Time and time again I found myself falling into a self destructive pattern of behavior. Taking a step forward then a dozen back. Of knowing deep inside what I needed to do but instead listening to the whispers… You’re not good enough, you don’t deserve happiness, you don’t even deserve to live…
You’re a burden on everyone around you, you’re selfish, You’ll never be worth anything,
You are a failure, worthless, unneeded, unwanted, unloved.
Needless to say, this caused a great deal of stress in the lives of those around me and the constant flip flopping just made things worse. No one, not even myself, knew what person they would encounter from one moment to the next as I would shift from being up to crushing lows at the smallest provocation.
I can go from being certain of who i am to being convinced I am a fraud, deluded, or just plain insane. For every positive thought there are a thousand negative ones, each more powerful than the last. All piling on my mind, seeking to crush me with their weight… and at some point they would win. That’s when I would entertain my darkest thoughts, dream my worst nightmares, plan my most evil of plans.

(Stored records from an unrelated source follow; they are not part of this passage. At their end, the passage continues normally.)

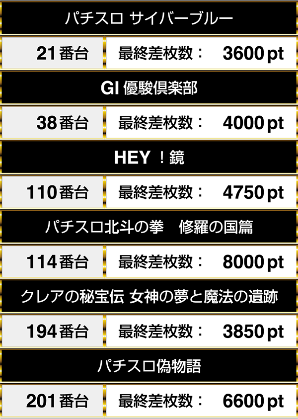 『HEY!鏡』の110番台は4750pt、『パチスロ偽物語』の201番台は6000ptを上回る!!
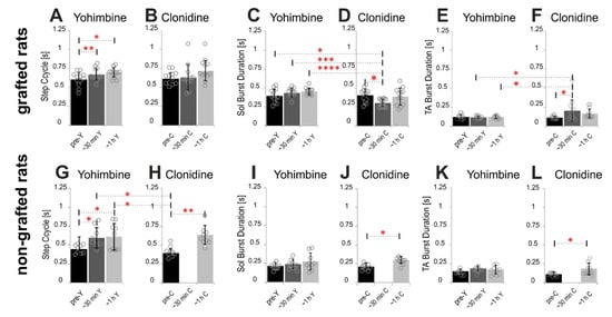 The cycle duration and EMG burst duration of the Sol and TA muscles before and after yohimbine or clonidine aplications in spinal grafted (n = 6) rats (A–F) and non-grafted (n = 5) spinal (G–L) rats as well as before and after clonidine in grafted (D–F) and non-grafted (J–L) spinal rats. The bars represent means ± SD established for the two groups of rats (with and without a graft) in various experimental conditions, while gray circles present the data from individual rats. RM ANOVA with Tukey’s multiple comparisons test: * p < 0.05; ** p < 0.01;*** p < 0.001; **** p < 0.0001. Abbreviations: Sol: soleus muscle; TA: tibialis anterior muscle; ~30 min: < 30 min after drug application; ~1 h: one hour after drug application; C: clonidine; Y: yohimbine.
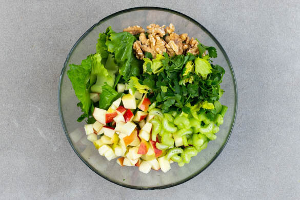Die 1/2 der Endivie in mundgerechte Stücke schneiden, die restliche Endivie wird für dieses Rezept nicht benötigt. Den Apfel vierteln, entkernen und in ca. 1cm große Stücke schneiden. Den Sellerie in dünne Scheiben, die Sellerieblätter und die Petersilie samt Stängeln grob schneiden und mit der Endivie, den Äpfeln, dem Sellerie und den Walnüssen vermengen.
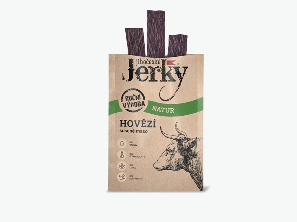Hovězí jerky natur je sušené a jemně zauzené maso vyrobené ze 100% hovězí svaloviny z českých chovů, kde hraje hlavní roli kvalita suroviny a poctivé zpracování. Díky šetrnému sušení si zachovává intenzivní chuť, pevnou texturu a mimořádně vysoký obsah bílkovin.
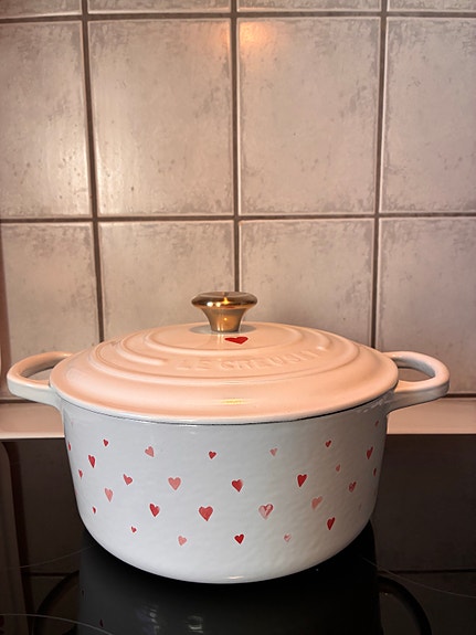 3 900 krLe Creuset gryta emaljerat gjutjärn vit med hjärtmönster Le CreusetLöberöd18 marKöp nuLastbil i rörelseKan skickasLägg till i favoriter.
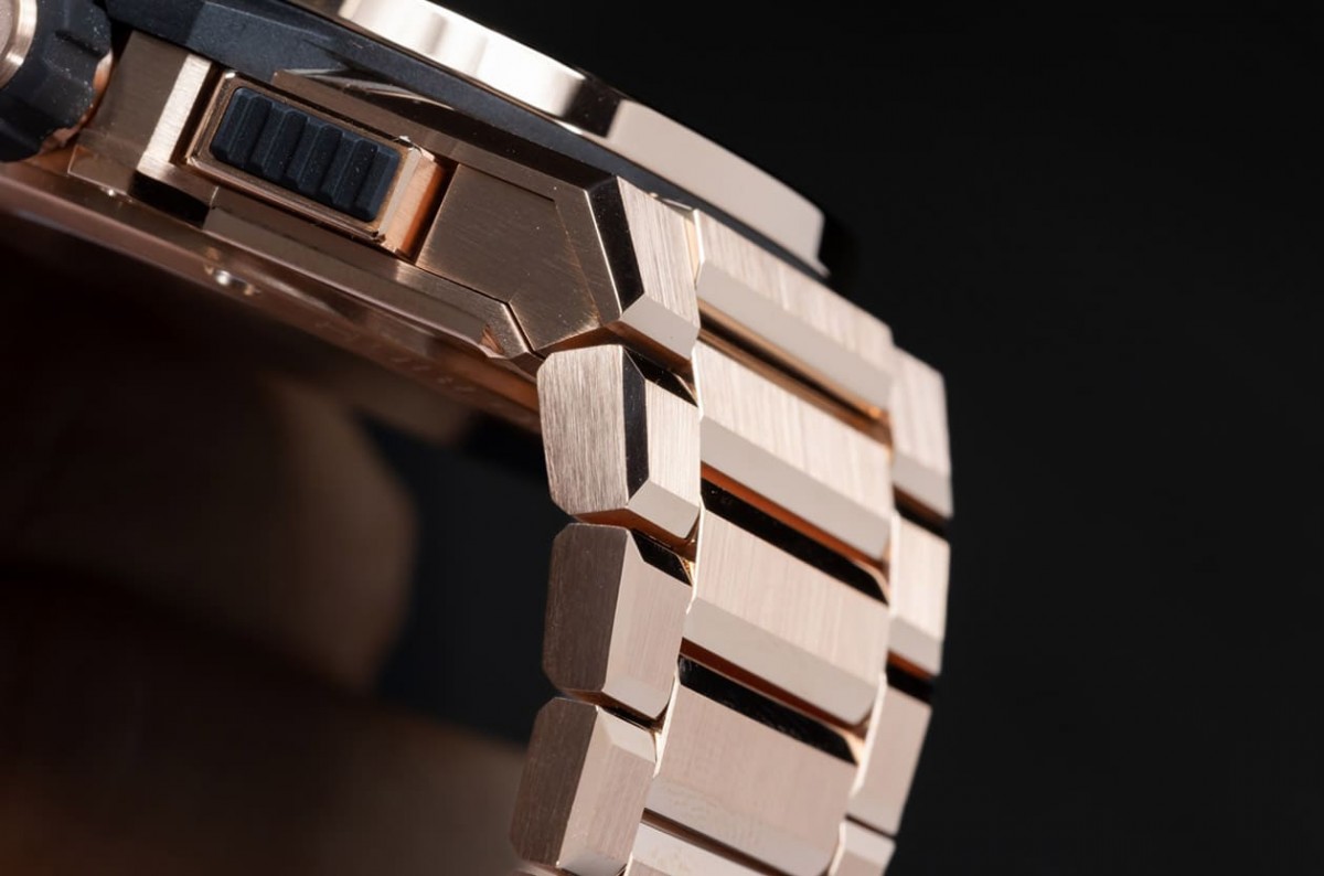 ▲链带的保护性和耐用度俱佳,搭配运动风格腕表儼然是绝佳组合,宇舶近年大力研发此类作品完美回应市场的殷切需求。
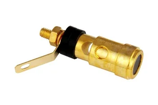 Gniazdo bananowe montażowe ze sprężynką złote-czarne / 003232
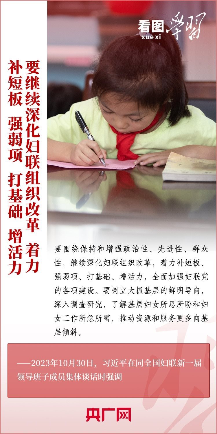 10月30日下午,習(xí)近平總書記同全國(guó)婦聯(lián)新一屆領(lǐng)導(dǎo)班子成員集體談話并發(fā)表重要講話??倳洀?qiáng)調(diào),要堅(jiān)定不移走中國(guó)特色社會(huì)主義婦女發(fā)展道路,激勵(lì)廣大婦女自尊自信、自立自強(qiáng),奮進(jìn)新征程、建功新時(shí)代,為中國(guó)式現(xiàn)代化建設(shè)貢獻(xiàn)巾幗智慧和力量。一起來(lái)學(xué)習(xí)!
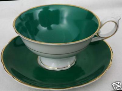 ROYAL BAYREUTH Tea Cup & Saucer /Forest Green + Gold
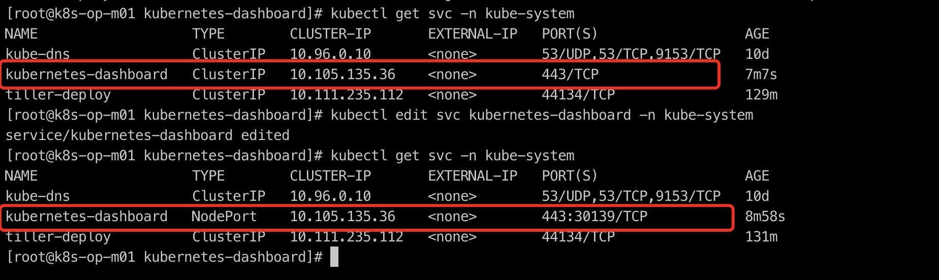 kubectl edit svc kubernetes-dashboard -n kube-system
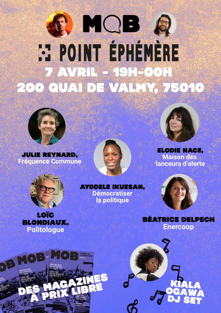 C’est la question qu’on va se poser mardi 7 avril au Point Ephémère à Paris autour d’une table ronde de haute volée ! Une soirée au rythme des grandes rubriques de notre magazine : le chantier des institutions (avec Loïc Blondiaux, politologue), les enjeux de représentation politique (Ayodele Ikuesan, Démocratiser la politique et Julie Reynard, Fréquence Commune), la défense des contre-pouvoirs (Elodie Nace, Maison des lanceurs d’alerte) et la démocratie au travail (Béatrice Delpech, Enercoop/Les Licoornes).
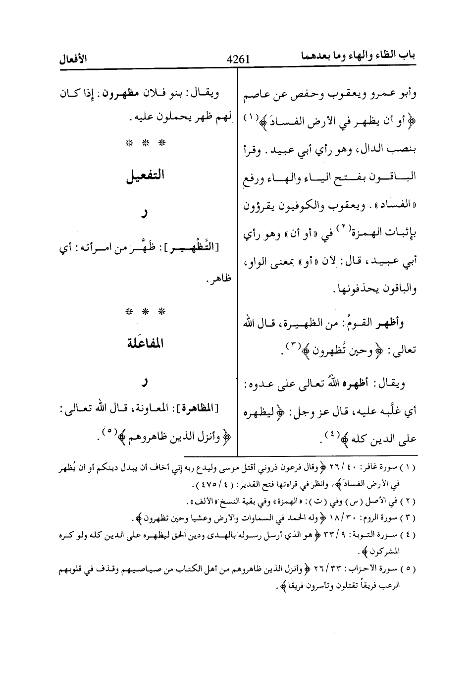 (5) سورة الأحزاب: 33/ 26 وَأَنْزَلَ الَّذِينَ ظااهَرُوهُمْ مِنْ أَهْلِ الْكِتاابِ مِنْ صَيااصِيهِمْ وَقَذَفَ فِي قُلُوبِهِمُ الرُّعْبَ فَرِيقاً تَقْتُلُونَ وَتَأْسِرُونَ فَرِيقاً.
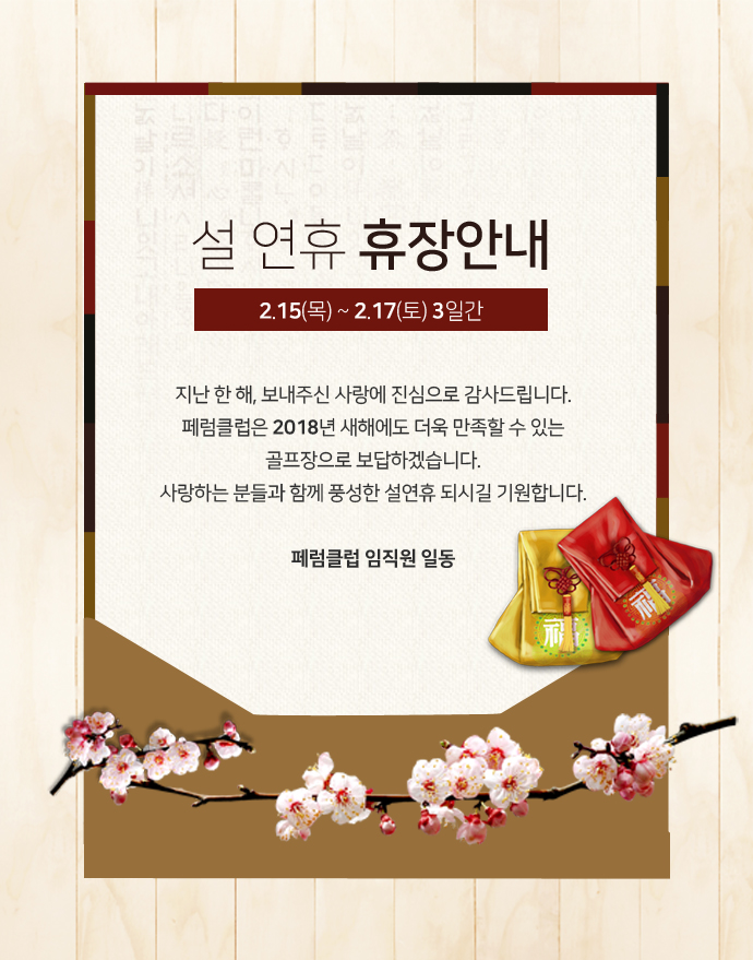 ¼³ ¿¬ÈÞ ÈÞÀå¾È³» 2/15(¸ñ) ~ 2/17(Åä) 3Àϰ£
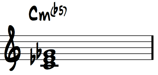 The first step in finding the notes of the C minor b5 chord is to remember the notes of the C major chord, C, E and G. Secondly, we flatten the third degree of the chord which transforms it into a minor chord, E becomes Eb. The final step to make a chord minor b5 is to flatten the fifth degree, G becomes Gb. The C minor b5 chord is composed of C, Eb and Gb.

The abyss would stare back.
I have struggled with this for as long as I can remember but as with so much in my life, it goes in cycles. In the past when things reached their worst I had mental breakdowns which often led me toward suicide. This year had proven to be another end of cycle and my thoughts have been either very dark or outright destructive. As mentioned above, this is something which puts a mountains of stress on those around me, especially my partner.
This past week things reached a head when she became ill. It would have been bad enough if it had been just one thing but it turned into three which each wearing her down more an more. Then she also had family issues and now there is some financial stress as well, though we have survived worse, it just seemed to be the icing on the cake. Seeing how hard all of this has been on her I felt even worst about adding to her problems as I seem to do all too often.
As so much of my issues stem from from my gender identity and how, if at all, I should be expressing myself. So I made a decision, not so much for myself but for her and the boys.
I have gone full time.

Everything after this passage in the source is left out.